§ **AVAILABLE RECORDS**:
=======

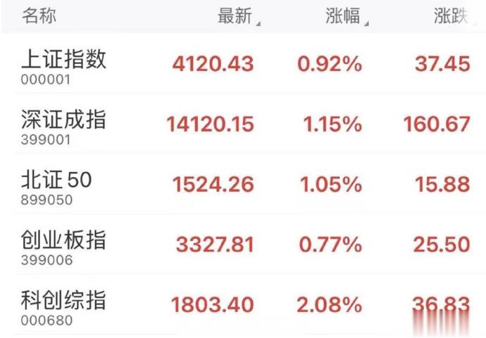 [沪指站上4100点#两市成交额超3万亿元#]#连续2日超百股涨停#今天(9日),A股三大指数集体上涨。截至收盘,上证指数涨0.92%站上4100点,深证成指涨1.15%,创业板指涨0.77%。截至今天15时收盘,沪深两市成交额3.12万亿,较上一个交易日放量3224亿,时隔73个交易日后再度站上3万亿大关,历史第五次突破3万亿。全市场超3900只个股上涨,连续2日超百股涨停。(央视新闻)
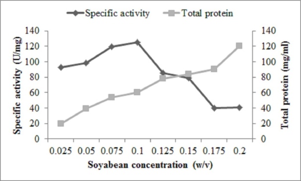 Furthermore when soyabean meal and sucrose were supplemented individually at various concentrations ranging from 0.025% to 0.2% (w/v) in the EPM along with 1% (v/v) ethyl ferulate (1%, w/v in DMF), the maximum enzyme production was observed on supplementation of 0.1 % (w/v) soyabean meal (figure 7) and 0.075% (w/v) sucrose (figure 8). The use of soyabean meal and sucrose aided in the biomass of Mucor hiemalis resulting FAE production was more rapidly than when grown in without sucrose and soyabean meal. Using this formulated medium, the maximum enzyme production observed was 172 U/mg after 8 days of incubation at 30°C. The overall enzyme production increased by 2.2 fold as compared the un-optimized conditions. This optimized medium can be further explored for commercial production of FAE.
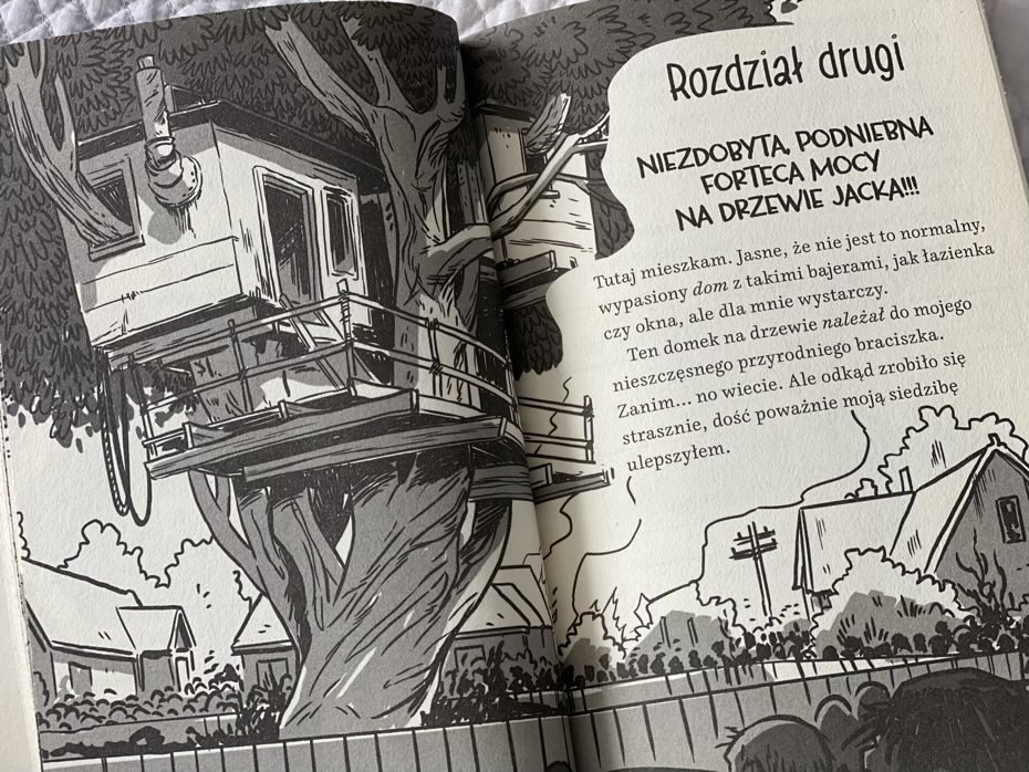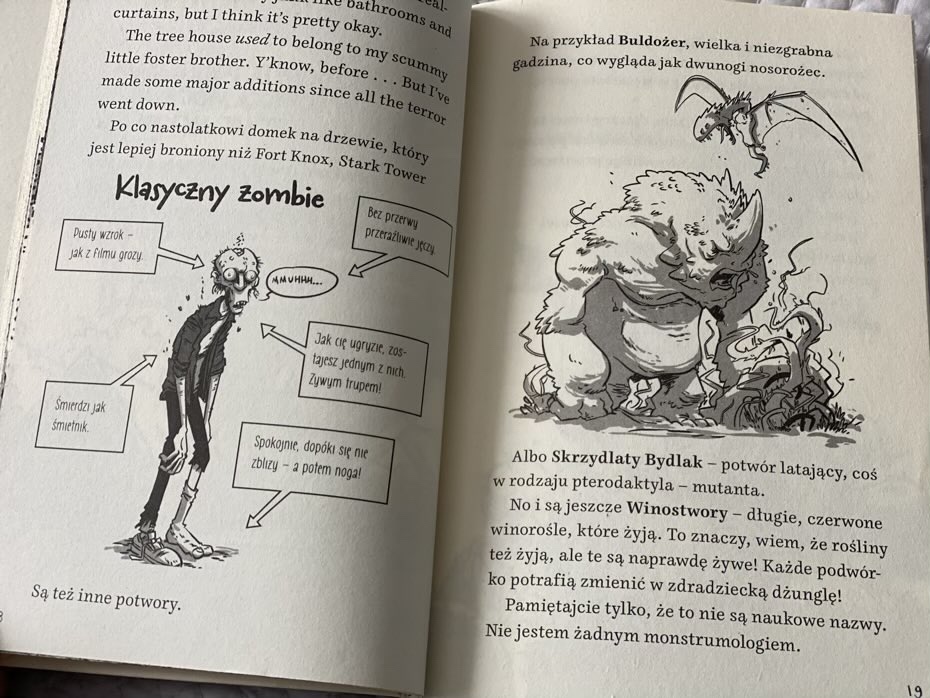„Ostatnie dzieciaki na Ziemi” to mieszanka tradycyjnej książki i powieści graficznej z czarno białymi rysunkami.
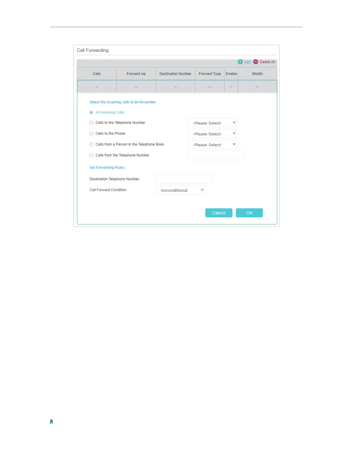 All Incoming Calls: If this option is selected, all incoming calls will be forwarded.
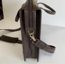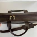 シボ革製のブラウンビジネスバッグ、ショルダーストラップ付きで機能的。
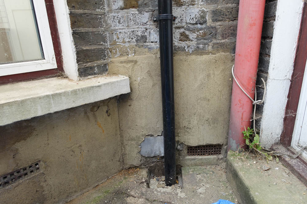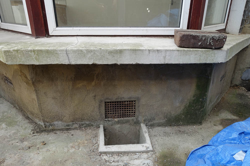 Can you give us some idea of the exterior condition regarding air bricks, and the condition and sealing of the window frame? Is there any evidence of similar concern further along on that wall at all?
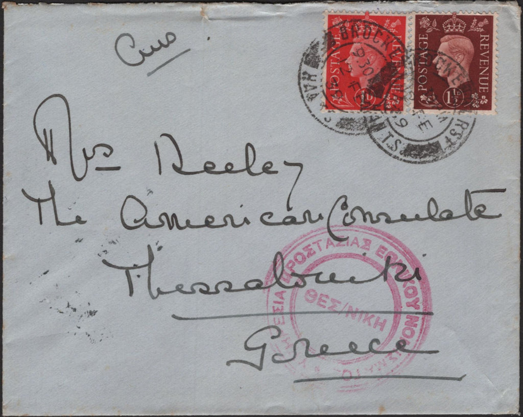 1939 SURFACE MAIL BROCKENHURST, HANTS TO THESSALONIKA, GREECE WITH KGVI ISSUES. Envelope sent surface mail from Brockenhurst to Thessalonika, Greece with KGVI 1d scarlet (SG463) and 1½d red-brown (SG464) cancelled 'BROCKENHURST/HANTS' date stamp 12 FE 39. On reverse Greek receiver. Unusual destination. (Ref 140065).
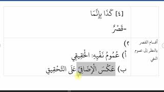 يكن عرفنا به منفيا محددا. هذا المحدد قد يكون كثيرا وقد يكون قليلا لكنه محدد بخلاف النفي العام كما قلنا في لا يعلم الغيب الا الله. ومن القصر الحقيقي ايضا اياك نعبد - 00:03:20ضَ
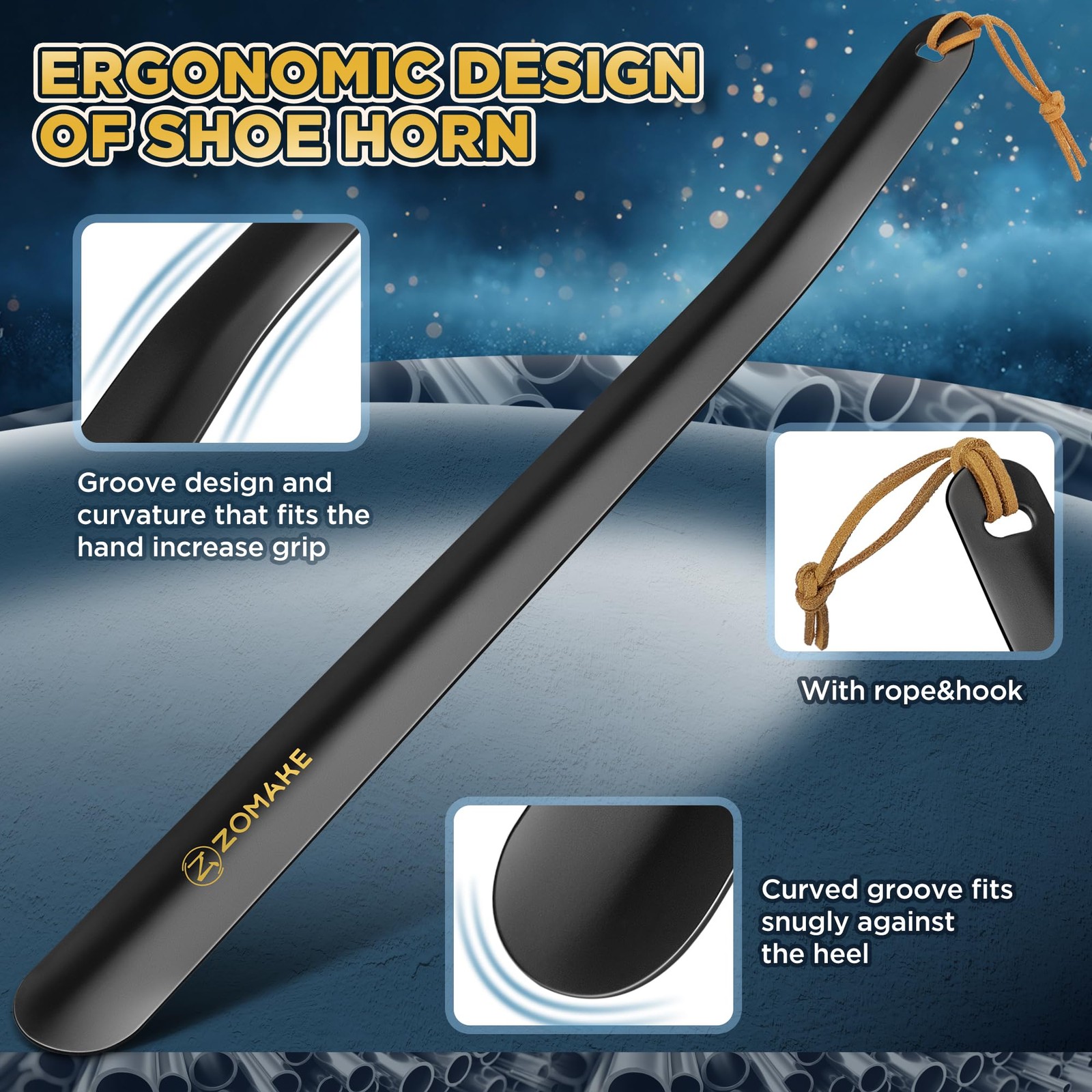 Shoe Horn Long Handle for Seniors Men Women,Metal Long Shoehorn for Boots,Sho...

=======

§ **TASK OBJECTIVE**:
All of the material above must be retyped exactly, line for line, with the images dropped.

§ **COMPLETED TASK**:
 [沪指站上4100点#两市成交额超3万亿元#]#连续2日超百股涨停#今天(9日),A股三大指数集体上涨。截至收盘,上证指数涨0.92%站上4100点,深证成指涨1.15%,创业板指涨0.77%。截至今天15时收盘,沪深两市成交额3.12万亿,较上一个交易日放量3224亿,时隔73个交易日后再度站上3万亿大关,历史第五次突破3万亿。全市场超3900只个股上涨,连续2日超百股涨停。(央视新闻)
 Furthermore when soyabean meal and sucrose were supplemented individually at various concentrations ranging from 0.025% to 0.2% (w/v) in the EPM along with 1% (v/v) ethyl ferulate (1%, w/v in DMF), the maximum enzyme production was observed on supplementation of 0.1 % (w/v) soyabean meal (figure 7) and 0.075% (w/v) sucrose (figure 8). The use of soyabean meal and sucrose aided in the biomass of Mucor hiemalis resulting FAE production was more rapidly than when grown in without sucrose and soyabean meal. Using this formulated medium, the maximum enzyme production observed was 172 U/mg after 8 days of incubation at 30°C. The overall enzyme production increased by 2.2 fold as compared the un-optimized conditions. This optimized medium can be further explored for commercial production of FAE.
„Ostatnie dzieciaki na Ziemi” to mieszanka tradycyjnej książki i powieści graficznej z czarno białymi rysunkami.
 All Incoming Calls: If this option is selected, all incoming calls will be forwarded.
 シボ革製のブラウンビジネスバッグ、ショルダーストラップ付きで機能的。
 Can you give us some idea of the exterior condition regarding air bricks, and the condition and sealing of the window frame? Is there any evidence of similar concern further along on that wall at all?
 1939 SURFACE MAIL BROCKENHURST, HANTS TO THESSALONIKA, GREECE WITH KGVI ISSUES. Envelope sent surface mail from Brockenhurst to Thessalonika, Greece with KGVI 1d scarlet (SG463) and 1½d red-brown (SG464) cancelled 'BROCKENHURST/HANTS' date stamp 12 FE 39. On reverse Greek receiver. Unusual destination. (Ref 140065).
 يكن عرفنا به منفيا محددا. هذا المحدد قد يكون كثيرا وقد يكون قليلا لكنه محدد بخلاف النفي العام كما قلنا في لا يعلم الغيب الا الله. ومن القصر الحقيقي ايضا اياك نعبد - 00:03:20ضَ
 Shoe Horn Long Handle for Seniors Men Women,Metal Long Shoehorn for Boots,Sho...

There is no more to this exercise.